The histologic diagnosis of papillary carcinoma of the thyroid is less complex than of follicular carcinoma but many papillary neoplasms of the thyroid remain diagnostically challenging22,23,24,25. This especially applies to the more than 41% of papillary carcinomas that show a pure follicular growth pattern26. Lloyd et al. reported a concordance rate of only 39% between 10 expert pathologists for the follicular variant of papillary carcinomas27. Difficulties are even higher in cytology where the sensitivity is reported to be 40%-96% for recognizing papillary carcinomas28,29,30,31,32,33,34,35,36,37,38,39,40,41. Considering the unequivocal and strong CDH16 staining in all normal thyroid samples, as well as the CDH16 expression loss in more than 90% of our papillary carcinomas, CDH16 loss appears to constitute a strong argument in favor of a papillary carcinoma.

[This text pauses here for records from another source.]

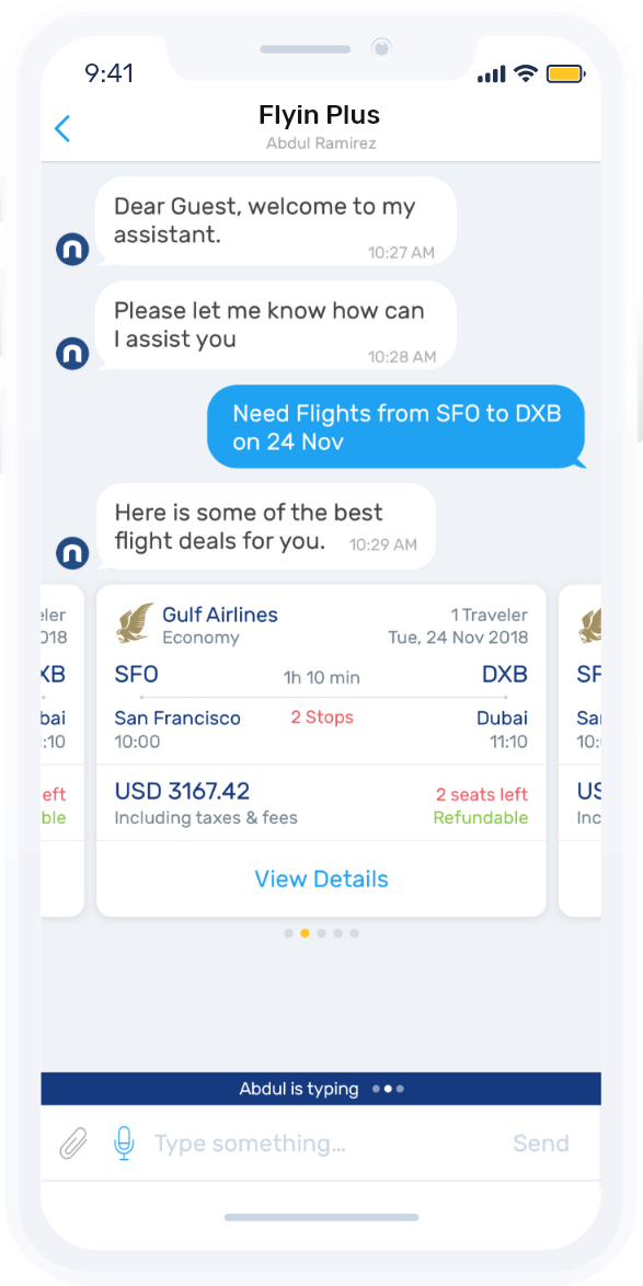 Supports Personalised chat and Flight, Hotel booking in English & Arabic.
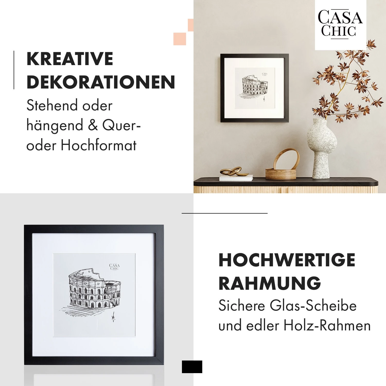 Setze Fotos und Bilder gekonnt in Szene: Die exklusive Cannon Bildeinfassung von Casa Chic by blumfeldt schenkt jedem Foto den perfekten Rahmen – mit oder ohne Passepartout. Hier vereinen sich hochwertige Handarbeit und ein stilvoller Look zu einem ganz besonderen Design. Das bruchfeste Sicherheitsglas schützt deine Kunstobjekte, Drucke oder Fotografien optimal vor Schmutz und Staub. Dank seines 2 x 2 cm starken Rahmenprofils hängt der Cannon bündig an der Wand. Natürlich macht der Fotorahmen auch als Aufsteller auf deinem Sideboard eine klasse Figur.
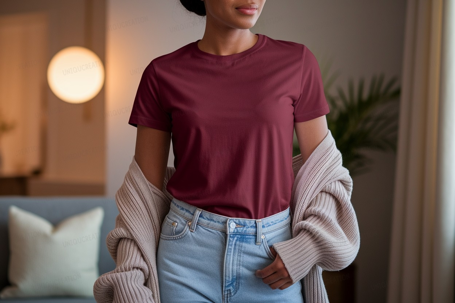 Light Fashion Shirt Clothing Casual Mockup Woman Jeans Maroon Cardigan
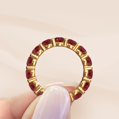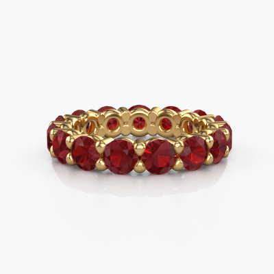 This exclusive gold Heddy rnd 4.2 ring is a true work of art! This ring is made of 14 Carat gold and is set with 4.2 mm round ruby. The smallest ornaments are crafted by our goldsmith with a lot of patience and great passion. In order to create this ring with great precision, this craft requires a keen eye and a skillful hand. A challenge which ignites a fire in our expert goldsmiths. The exquisite ruby are set in a way that their unique qualities are strengthened. This gives the ring an even more glamorous appearance. The ring is unique by itself though, because of the natural birthstones we selected especially for this Heddy rnd 4.2 ring. And by choosing the precious metal yourself, you create a unique ring. The best part of this eternity ring is that you can customize it to your own liking. Your style, your choice, your ring. On top of that, your exclusive gold ring will be made by hand with eco-friendly materials! Please feel free to easily customize the ring, using our online tool.After receiving your order, our goldsmiths will start the creative process of making your Heddy rnd 4.2 ring. We don't keep stock. This is advantageous because these costs will not be passed on to you. Therefore, we can offer jewelry at exceptionally low prices.To make it easier for you, we offer a 30 day return policy. Check our terms and conditions.
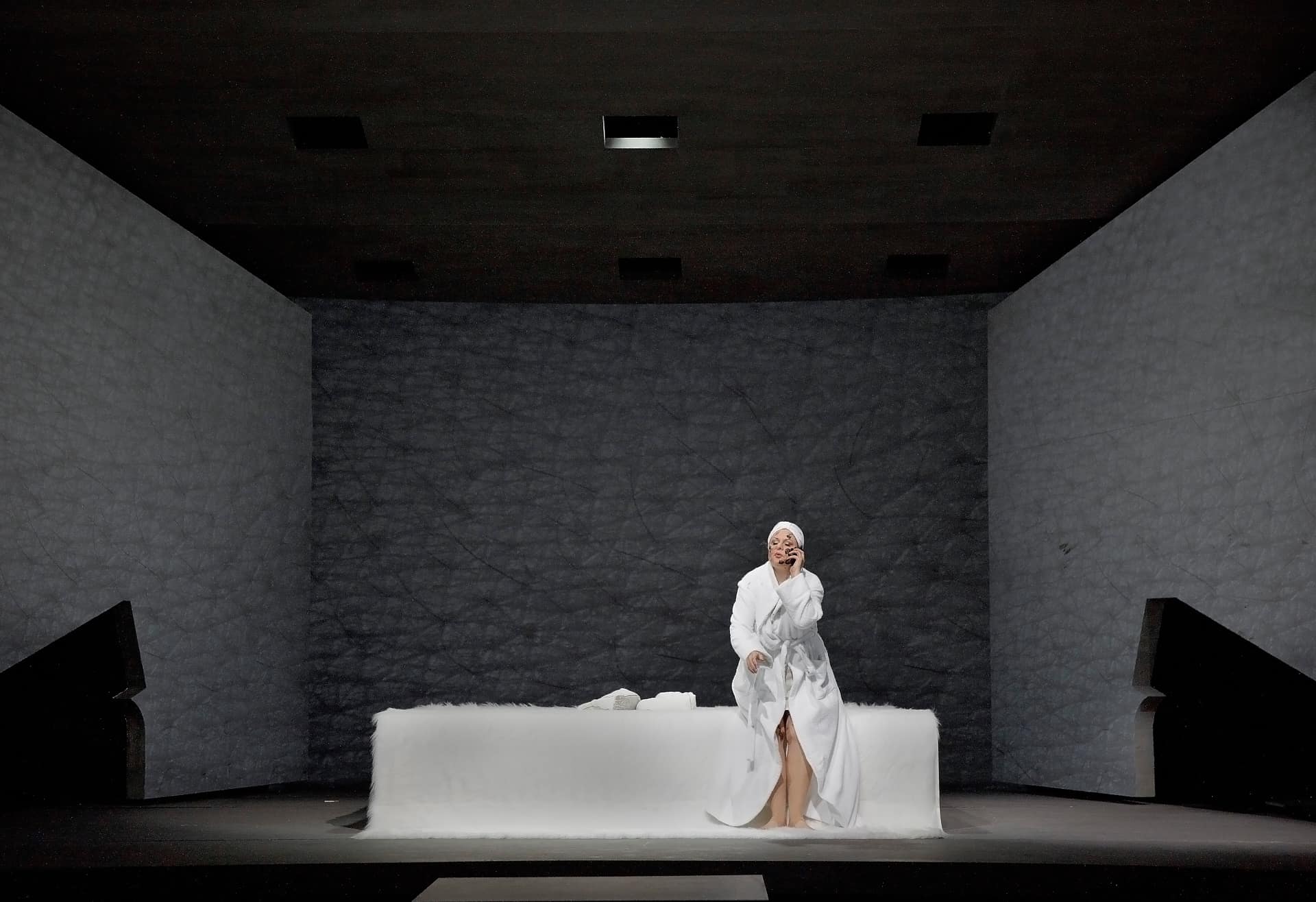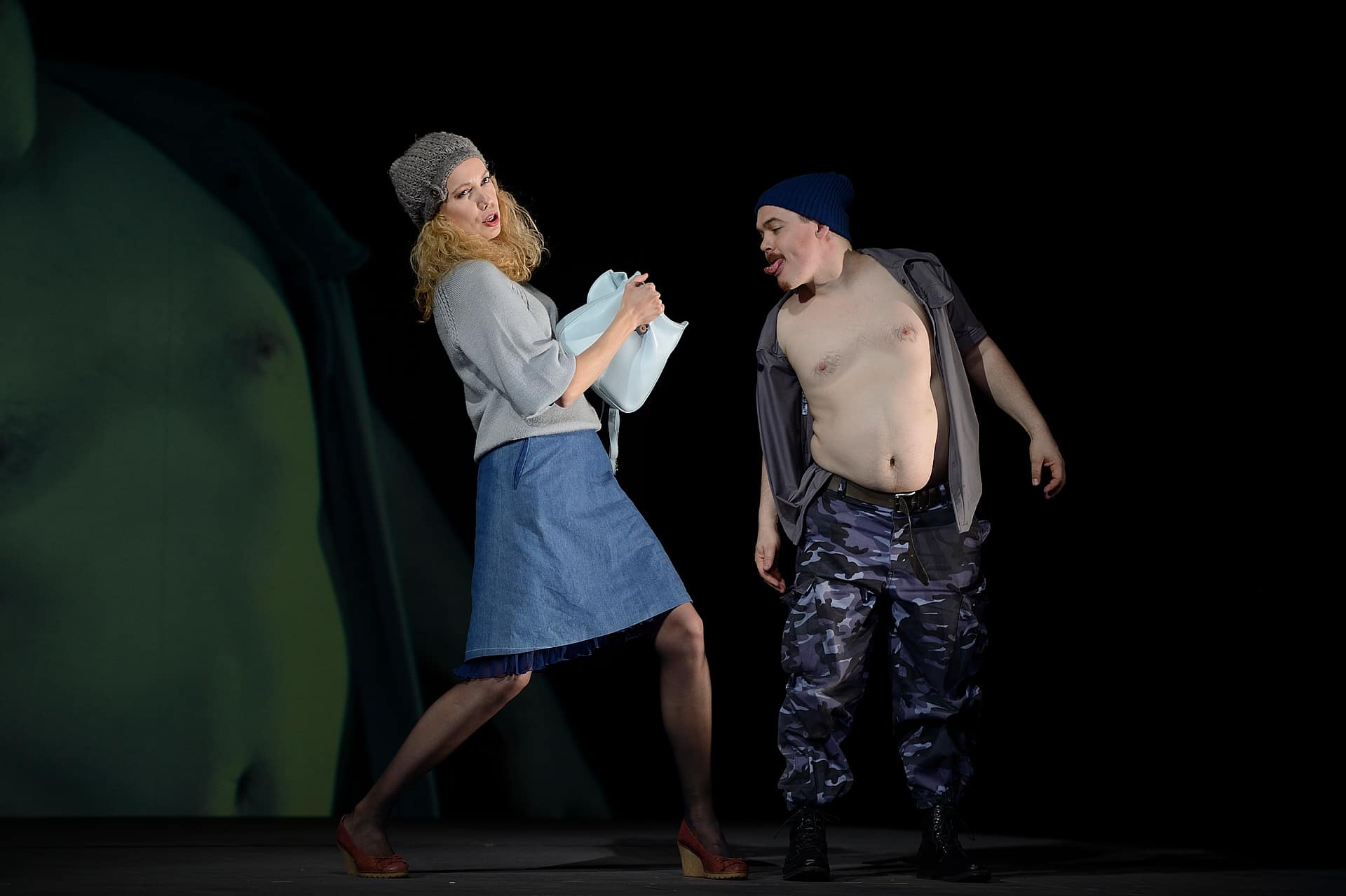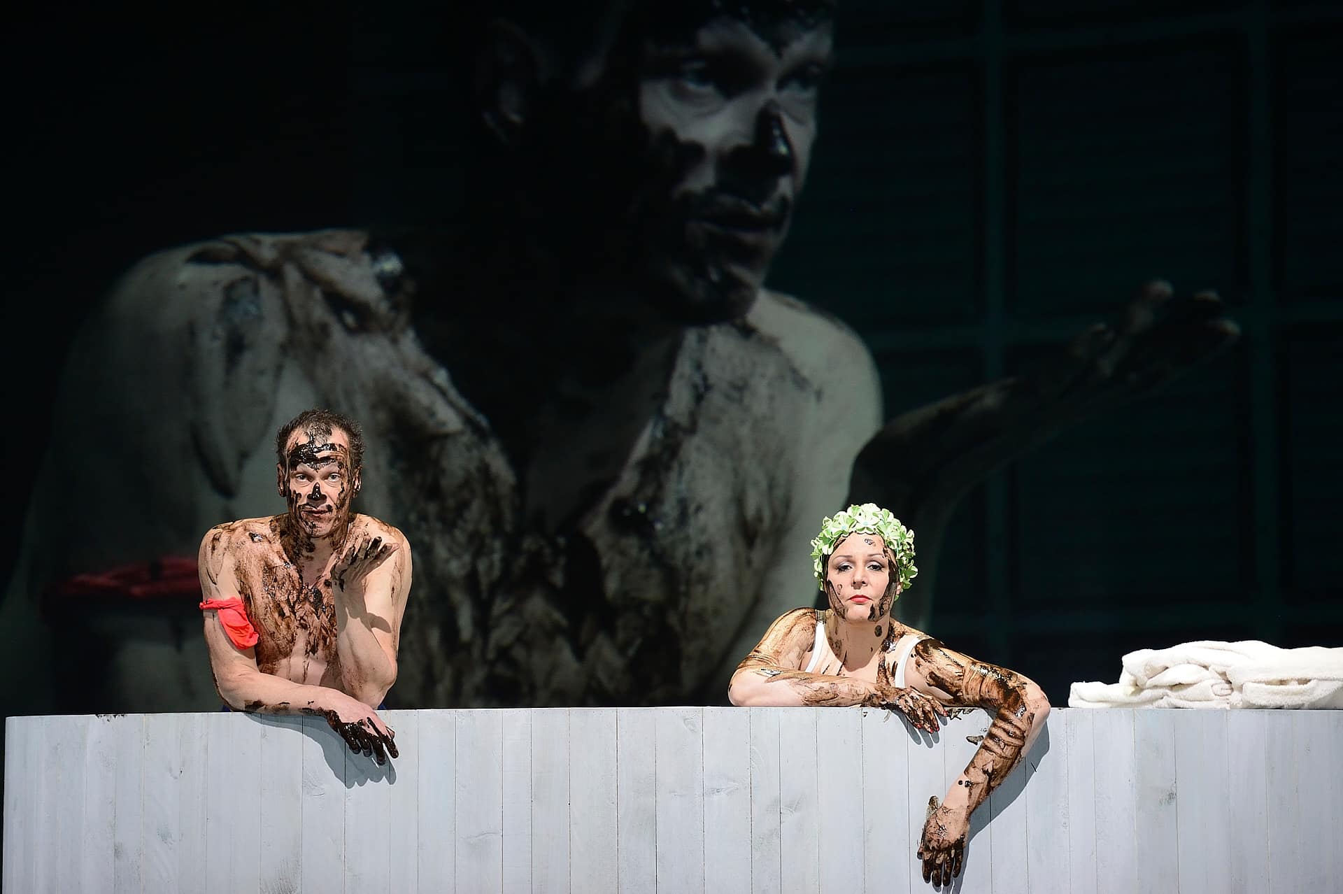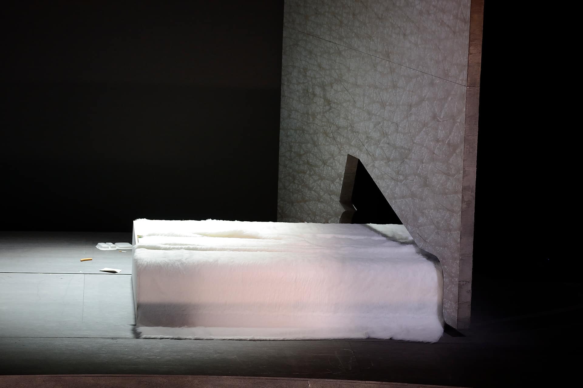 Der belgische Komponist Philippe Boesmans schrieb zudem durchaus Musik auch für die Zeit zwischen dem Davor und dem Danach, um die es bei Schnitzler geht…Ungemein liebevoll löst das in Stuttgart Regisseurin Nicola Hümpel. Menschen versinken in Matratzen, flutschen vom selbsttätigen Bett, verschlingen sich extraordinär, hantieren wie von ungefähr mit phallisch verformten Sofakissen, rollen sich im Moorbad, und sie kauen tatsächlich auch auf einem Wiener Würstchen herum.

The high rate of papillary thyroid cancers lacking CDH16 staining is consistent with data from Li et al.4, describing markedly lower CDH16 RNA levels in papillary carcinomas as compared to normal tissues in 505 patients from the TCGA dataset and in 16 own cases. The functional role of CDH16 expression loss in thyroid neoplasms is unclear. Koumarianou et al.3 found a role of CDH16 for the formation of follicular structures which are, however, at least partially retained in many papillary carcinomas. It is of note that Cali et al.9 also described a reduced CDH16 expression in follicular carcinomas. A possible role of reduced CDH16 expression for a subset of follicular thyroidal neoplasms is consistent with the 13.8% adenomas and the 40.3% follicular carcinomas with CDH16 negativity in this study. In a previous study on a subset of these tumors we had identified thyroglobulin (TG) as a highly specific and sensitive marker for follicular and papillary thyroid cancer which is, however, unable to distinguish benign from malignant throidal tissue21. A particular diagnostic value of CDH16 may exist for thyroidal tissue detected in cervical lymph nodes where benign thyroid inclusions (expected to be TG and CDH16 positive) and metastases (TG positive, often CDH16 negative) must be considered.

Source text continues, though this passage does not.